Ни резкого звука, ни голоса, ни звона. Только чуть слышимый гул хорошей рыси. Пятеро молчали. Так, молча, они ехали долго.
Еле различимый во тьме обнаружился полукруг юрт. У центральной, самой богатой, пятеро бесшумно спешились.
Высокий, широкоплечий джигит, кинув поводья ближнему, шагнул ко входу в юрту. Трое двинулись за ним. Высокий, приказывая, пояснил:
— Один, — и откинул кошму. В юрте ели вареную баранину. Хозяин и несколько гостей серьезно ели баранину до тех пор, пока не увидели в черном проеме человека с карабином.
— Мне на минутку нужен инструктор исполкома. Пусть выйдет, — негромко сказал высокий. Карабин он небрежно держал в правой руке, и небрежность эта грозила выстрелом.
Гости оставались на своих местах, но непонятно, как получилось, что они отъединились от двоих, сидящих в центре. От старца с седой бородой. От молодого начальственно солидного человека в полуевропейском платье.
— Кудре! — оглушительным шепотом узнал высокого один из гостей.
— Сейсембаев! Я жду, — уже с угрозой сказал Кудре.
— Я — твой гость, Акан, — не смея оторвать глаз от карабина, еле произнес непослушными губами солидный молодой человек. Старец молчал.
— Я твой гость, Акан! — бешеным криком повторил Сейсембаев и, обхватив голову руками, упал за спину старца. Акан встал и пошел навстречу Кудре:
— Он мой гость, Кудре.
Кудре стволом карабина отодвинул старика, чтобы видеть Сейсембаева. Прикрыв голову и подтянув колени к животу, тот вздрагивал всем телом — плакал. Кудре весело глянул в глаза Акана и кивнул на Сейсембаева:
— Разве он гость? Он хозяин, потому что он — власть, советская власть.
— Но он мой гость. Пожалей меня, Кудре.
— Мне ли жалеть своего господина? Ведь я служил тебе, Акан!

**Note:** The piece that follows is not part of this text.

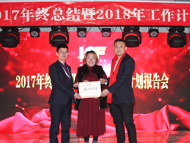 龍平芳女士為獲得“最佳貢獻(xiàn)獎(jiǎng)”部門頒發(fā)證書

— Теперь мне никто не служит. Пожалей мои седины, Кудре.
— Я хочу кумыса.
Один из гостей поспешно налил из сабы чашку кумыса и протянул ее Кудре. Но тот чашку не взял. Поймав взглядом взгляд Акана, он приказал, уже не улыбаясь:
— Ты.
Акан взял чашку из рук гостя и, склонившись в низком поклоне, поднес ее Кудре. Роняя белые капли на широкую грудь, Кудре пил мощными глотками. Все смотрели, как ходил его кадык. Выпив, он возвратил чашку Акану:
— Я жалею тебя, старик.
И вдруг, резко подняв карабин, с одной руки навскидку выстрелил. Чашка, стоявшая перед Сейсембаевым, разлетелась черепками. Сейсембаев замер на мгновение, а потом, не почувствовав смерти, зарыдал в голос. Кудре ощерился, откровенно ликуя:
— Я люблю, когда плачет власть. Плачет — слабый!
И ушел во тьму.
Сопровождаемый четырьмя безмолвными, Кудре ехал в ночи и хохотал.
2
В галифе, в сапогах, но обнаженный по пояс, Хамит перед зеркалом делал зарядку. Он, словно беркут, вертел бритой головой, приседал неистово, яростно отжимался от пола. Хамит хотел видеть свою стать, а зеркало было маленькое, и поэтому разглядывание самого себя тоже было нелегким физическим упражнением. Подобрав живот и сложив на груди руки так, чтобы рельефнее выглядели грудные мышцы и бицепсы, он, отдыхая, с удовлетворением рассматривал свое отражение, когда за его спиной раздалось слабое:
— Ой!
Он обернулся. В дверях, привычно прикрыв глаза ладошкой, стояла хозяйка дома, где он жил.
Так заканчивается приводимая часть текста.